-- Aim of the task --
Reproduce verbatim all of the data given below, but do not carry over the images.

-- Given material --
┄┄┄┄┄┄┄┄┄┄

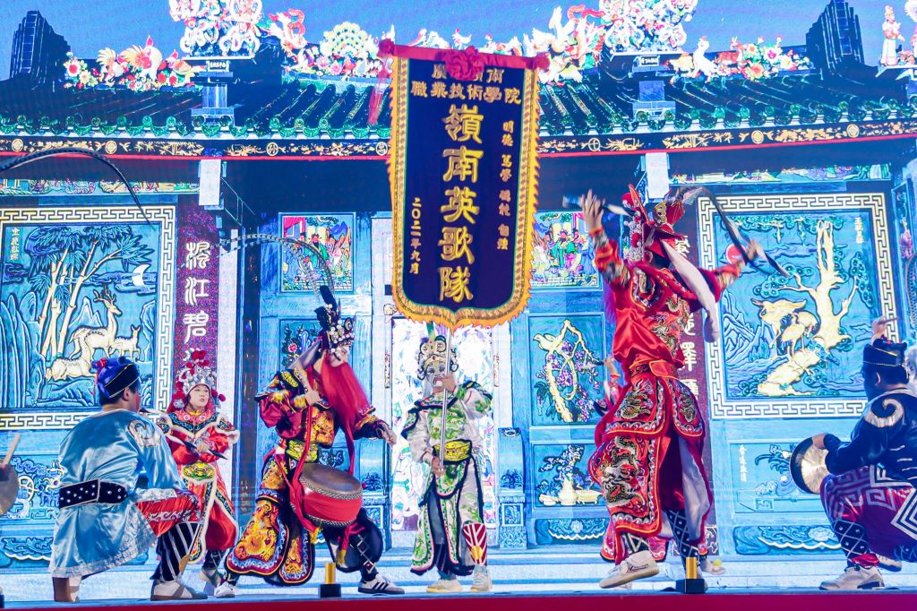 开学典礼环节结束后,迎新晚会华彩上演,晚会以“爱国荣校”为主题,创新设计“初遇・新程启航”“深耕・求索向上”“远航・星辰大海”三大篇章,为新生呈现生动的“开学第一课”。“初遇”篇章里,校地、校校联动节目与科普小品轮番登场,尽显多元风采与校园温度;“深耕”篇章聚焦学子成长与价值追求,教师合唱、情景演绎、舞蹈与朗诵等节目依次呈现,传递师长期许与青春向上的精神风貌;“远航”篇章立足未来展望,共鸣视频、歌舞表演接连上演,最后以师生校歌大合唱压轴,用激昂旋律燃动晚会尾声,为整场演出画上圆满句号。
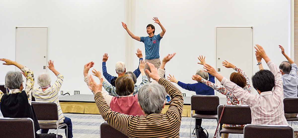 フェスタでは、転倒・認知症予防について研究し、筋活運動を指導する順天堂大学大学院の町田修一教授が、どのような生活習慣が認知症になるのかなど具体例を交えながら講演を行った。2部以降では認定NPO法人神奈川県転倒予防医学研究会による懐かしの音楽に合わせた転倒予防運動=写真、健脚度測定が行われた。地域の老人ホームやシニア住宅などの企業ブースの出展や国学院大学の学生もボランティアに駆け付けるなどまちぐるみで行われた。
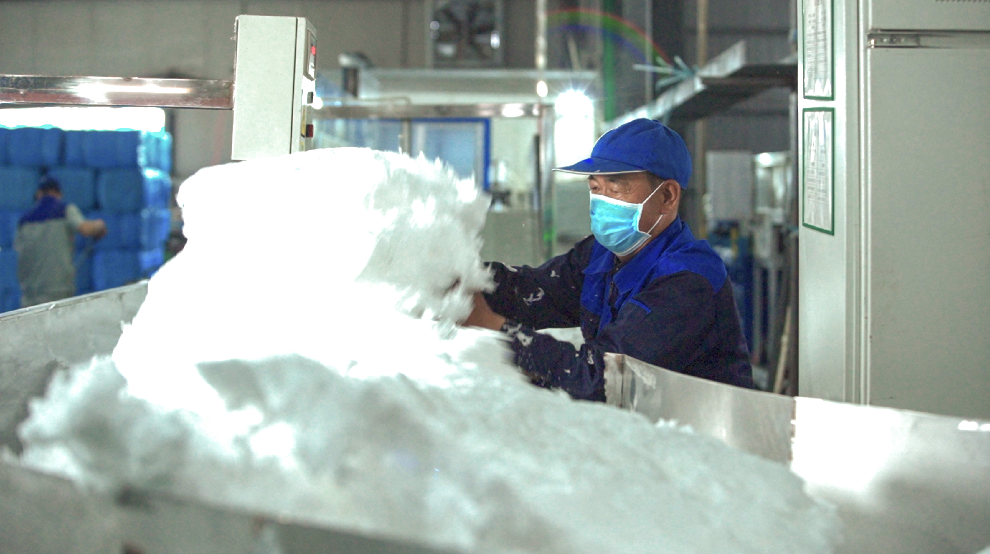 △曹六仁在玻棉廠生產(chǎn)線上忙碌著。
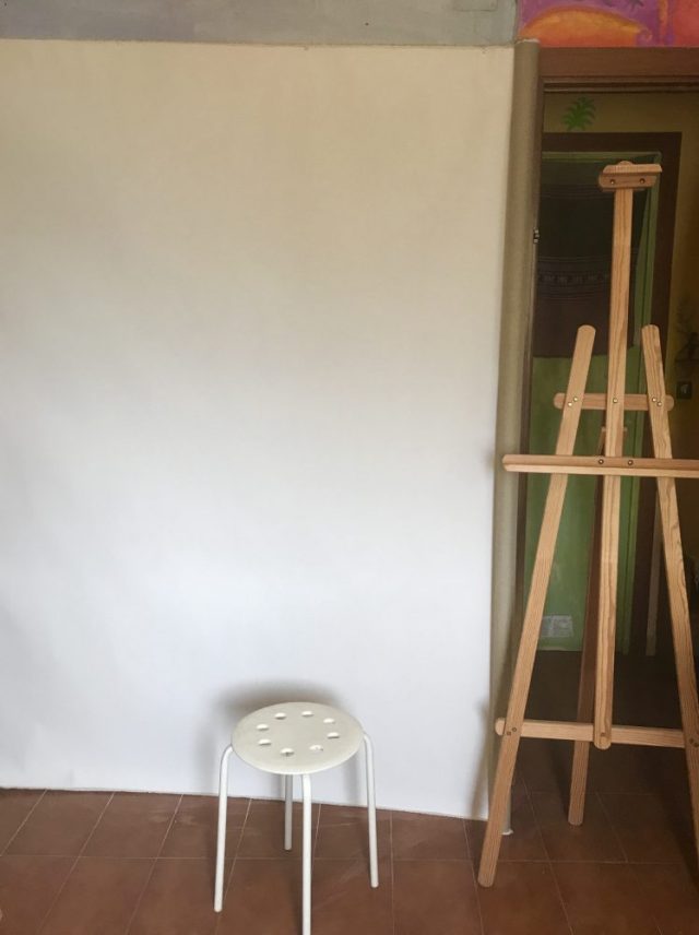 大工仕事に挑戦!すっきりと壁を空けたら、2×2mのキャンバス地を貼り付け

┄┄┄┄┄┄┄┄┄┄

-- Solution to this task --
 开学典礼环节结束后,迎新晚会华彩上演,晚会以“爱国荣校”为主题,创新设计“初遇・新程启航”“深耕・求索向上”“远航・星辰大海”三大篇章,为新生呈现生动的“开学第一课”。“初遇”篇章里,校地、校校联动节目与科普小品轮番登场,尽显多元风采与校园温度;“深耕”篇章聚焦学子成长与价值追求,教师合唱、情景演绎、舞蹈与朗诵等节目依次呈现,传递师长期许与青春向上的精神风貌;“远航”篇章立足未来展望,共鸣视频、歌舞表演接连上演,最后以师生校歌大合唱压轴,用激昂旋律燃动晚会尾声,为整场演出画上圆满句号。
 フェスタでは、転倒・認知症予防について研究し、筋活運動を指導する順天堂大学大学院の町田修一教授が、どのような生活習慣が認知症になるのかなど具体例を交えながら講演を行った。2部以降では認定NPO法人神奈川県転倒予防医学研究会による懐かしの音楽に合わせた転倒予防運動=写真、健脚度測定が行われた。地域の老人ホームやシニア住宅などの企業ブースの出展や国学院大学の学生もボランティアに駆け付けるなどまちぐるみで行われた。
 △曹六仁在玻棉廠生產(chǎn)線上忙碌著。
 大工仕事に挑戦!すっきりと壁を空けたら、2×2mのキャンバス地を貼り付け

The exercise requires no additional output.